09.25.07
Laser-focus thinking of the day
At Hot Air, Michelle Malkin interviews Diana West about her new book The Death of the Grown Up: How America’s Arrested Development Is Bring Down Western Civilization. I really liked the part about what Lionel Trilling had to say about the shaping of a life.
Part Two is tomorow.
My birthday is coming up. I think I’ll plant the idea of this timely tome in Mrs. BN’s mind as a gift idea.
Mr. Dings said,
September 26, 2007 at 12:49 am
Put your review on amazon.com when you have read it, if you would, bloggie. I am not so sure excactly what she is saying here. Equating being grown-up with dress styles, bemoaning a loss of a certain formality and civility or tolerance of Islam to the detriment of the West? My opinion is that it is all simply too diffuse these days. And wise men and women aka adults understand this. There are thousands of religions. History is history here. Are we to mount another Crusade to prove we are grown-ups?
From: Big History; From the Big Bang to the Present by Cynthia Stokes Brown
http://www.amazon.com/Big-History-Bang-Present/dp/1595581960/ref=pd_rhf_p_3/105-3547978-6238064
“Religions did not wither away as science grew in its power and prestige. Although secular outlooks increased in Europe and the United States, both Christianity and Islam expanded during the colonial period to lead the world in adherents by the end of the twentieth century. Religions emerged that emphasized the underlying unity of all religion, the similarity of all their messages–the Ramakrishna movement in India with its apostle Vivekananda (1863-1902) and the Bahai faith, an offshoot of Persian Shia Islam, that adopted English as its preferred language. By the end of the twentieth century, in an atmosphere of fear and anxiety, fundamentalist versions of the world’s religions ex[erienced a revival.”
“In 2002 there were estimated to be 10,000 distinct religions, with about 150 having at least 1 Million adherents. If a group of ten people represented approximately the world’s religions, three would be Christians, two Muslim, two unaffilliated or atheist, one Hindu, one Buddhist, and one representing all others.”

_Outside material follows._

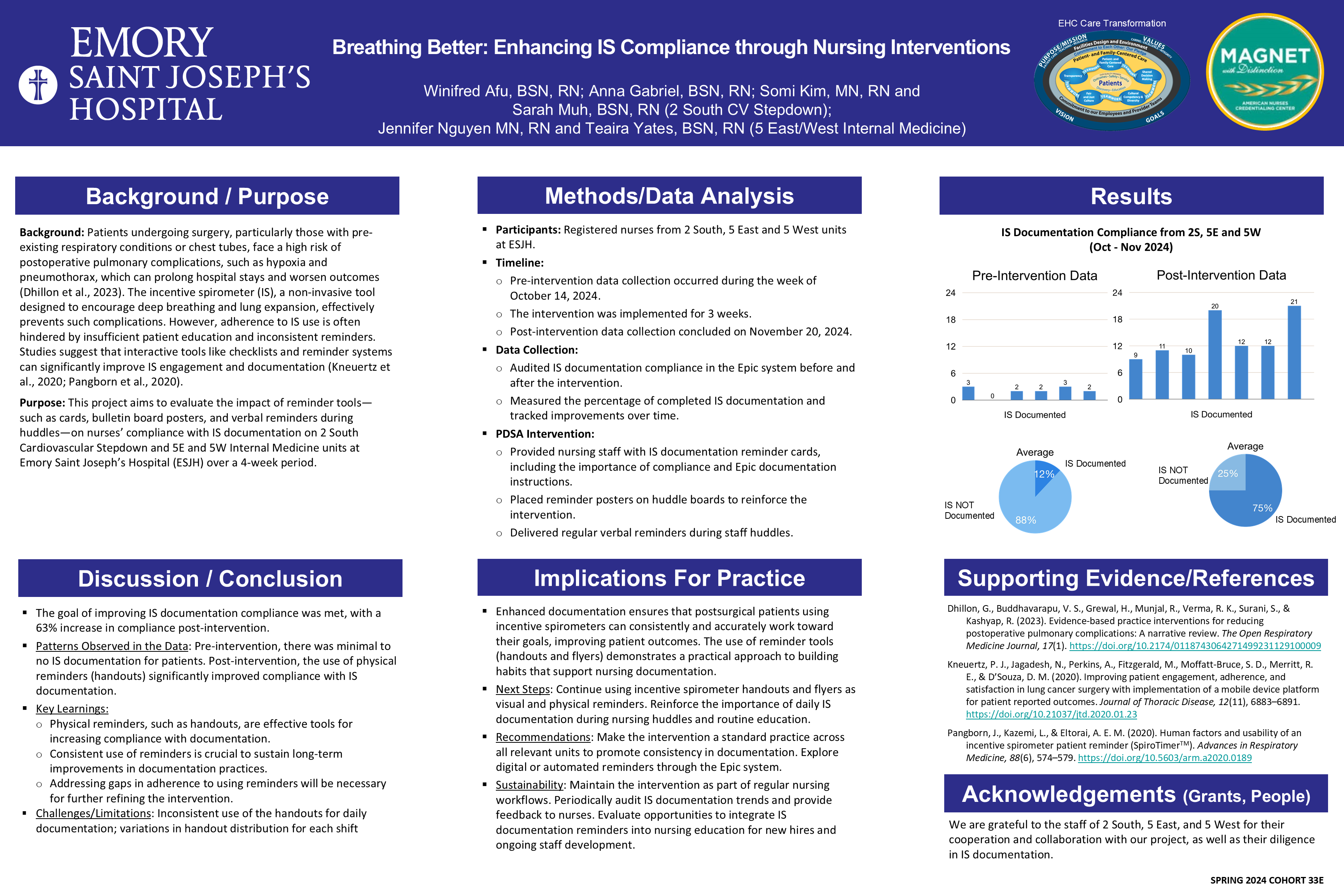Winifred Afu, BSN, RN; Anna Gabriel, BSN, RN; Somi Kim, MN, RN and Sarah Muh, BSN, RN (2 South CV Stepdown); Jennifer Nguyen MN, RN and Teaira Yates, BSN, RN (5 East/West Internal Medicine Breathing Better: Enhancing IS Compliance through Nursing Interventions [Emory Healthcare Nurse Residency] Emory Saint Joseph’s Hospital, Atlanta GA

Why couldn’t today’s American grown-up simply be tolerant? And live and let live without being criticized for being immature or weak or worse? Maybe she simply misses daddy…
Mr. Dings said,
September 26, 2007 at 12:56 am
H.G. Wells (1866 to 1946) said, “Every time I see an adult on a bicycle, I no longer despair for the future of the human race.”
Bentnotesmanhisself said,
September 26, 2007 at 2:31 am
“Live and let live” sounds very nice until you realize it really means “ever-lowered standards for everything.”
Mr. Dings said,
September 26, 2007 at 2:40 pm
That’s not what I really mean. Must be your understanding. Fine. Live and let live anyway. Go your way and I will go mine.